The magnitude and gravity of the refugee crisis in Europe makes it imperative that both Greece and Turkey work together to find ways to avert refugee suffering and deaths, deal with security issues and fight human trafficking. However, Turkey must not be permitted to use the refugee crisis as a vehicle to assert sovereignty over Greek islands, waters, airspace and continental sea shelf. 

Recent commentary stemming from the European Union about joint patrols and cost guards in the Aegean Sea at best fail to recognise that Turkey continues to challenge and dispute the sovereignty of numerous Greek islands, islets and rocks in the Aegean Sea. According to Turkey, such territories have not been specifically ceded to Greece by way of international treaties and are "grey zones". In effect Turkey refuses to recognise EU borders in the Aegean Sea. 

Turkey continues to maintain that no agreement concerning the delimitation of maritime boundaries between the two countries exist in the Aegean Sea and as such these are territories without sovereignty and therefore stateless! 

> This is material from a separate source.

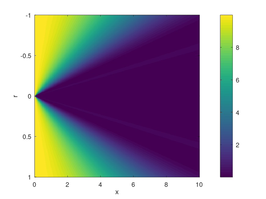 The important result is that the wave diverges to infinity and becomes unfocused very quickly after leaving the aperture, which can be seen in the plot, but can also be shown analytically (if we take the limit as we have for all ). The corresponding formula for its divergence is given by:

Turkey has gone as far as to claim that 132 islands and islets in the Aegean, currently under Greek administration, belong to Turkey including five Greek inhabited islets in the proximity of Samos and the Dodecanese that have been under Greek administration since 1912 and 1947 respectively. 

Legality of Turkish Claims

The claims made by Turkey lack legal merit under international treaty and customary law. Greece, quite rightly, denies the existence of any grey zones in the Aegean Sea and denies the existence of any dispute in this regard. The issue of sovereignty in the region has long been settled by the Lausanne Peace Treaty of 1923 and the Paris Peace Treaty of 1947. 

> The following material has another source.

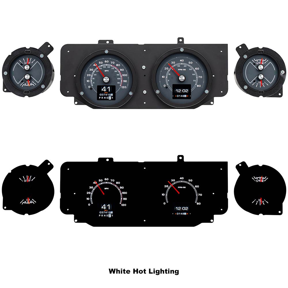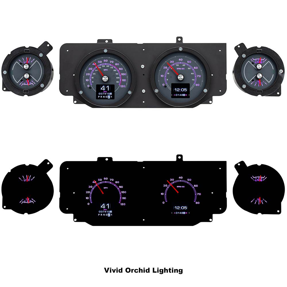 This Dakota Digital gauge kit features full LED backlighting making night visibility second to none, and the OEM styling will keep the vintage vibe you’re going for. The TFT message centers will keep you informed of what is going on under the hood, and you can add the RLC clock to the passenger side for a complete upgrade.

The Lausanne Peace Treaty 1923, to which both Greece and Turkey are signatories, settled the Anatolian and East Thracian parts of the partitioning of the Ottoman Empire and the borders between Greece and Turkey. Pursuant to Article 12 (1) of this Treaty, the islands of the Eastern Mediterranean including Lemnos, Samothrace, Mytilene, Chios, Samos and Nikaria were ceded to Greece whilst the islands of Imbros, Tenedos, the Rabbit Islands and islands situated at less than three miles from the Asiatic coast remained under Turkish sovereignty. 

Pursuant to Article 15 of the Lausanne Peace Treaty 1923, Turkey renounced in favour of Italy all rights and title over the Dodecanese islands, Kastellorizo and the islets dependent thereon. Moreover, pursuant to Article 14 of the Paris Peace Treaty of 1947, signed by Italy and the allied powers after the culmination of World War II, Italy ceded full sovereignty over the Dodecanese islands as well as the adjacent islets to Greece. 

This treaty makes it clear that all islands and islets situated outside the three mile zone around the Turkish mainland coast, other than the islands of Imbros, Tenedos and the Rabbit Islands, have been awarded to Greece and those located within this zone awarded to Turkey. 

The demarcation is clear-cut which explains why there is no need for these treaties to refer by name to all the islands and islets especially given that there are over two thousand islands and islets involved. Turkey erroneously interprets this provision to mean that all islands and islets not specifically named in Article 12 or not specifically ceded to Greece by way of Treaty belong to Turkey as the rightful heir to the Ottoman Empire or otherwise remain as "grey zones" that need to be delimited by way of agreement between Turkey and Greece. 

Whilst it is important that Greece and Turkey work together on refugees this does not have to be at the expense of the implementation of United Nations Resolutions, International Conventions, European Acquis and International Law in the Aegean Sea.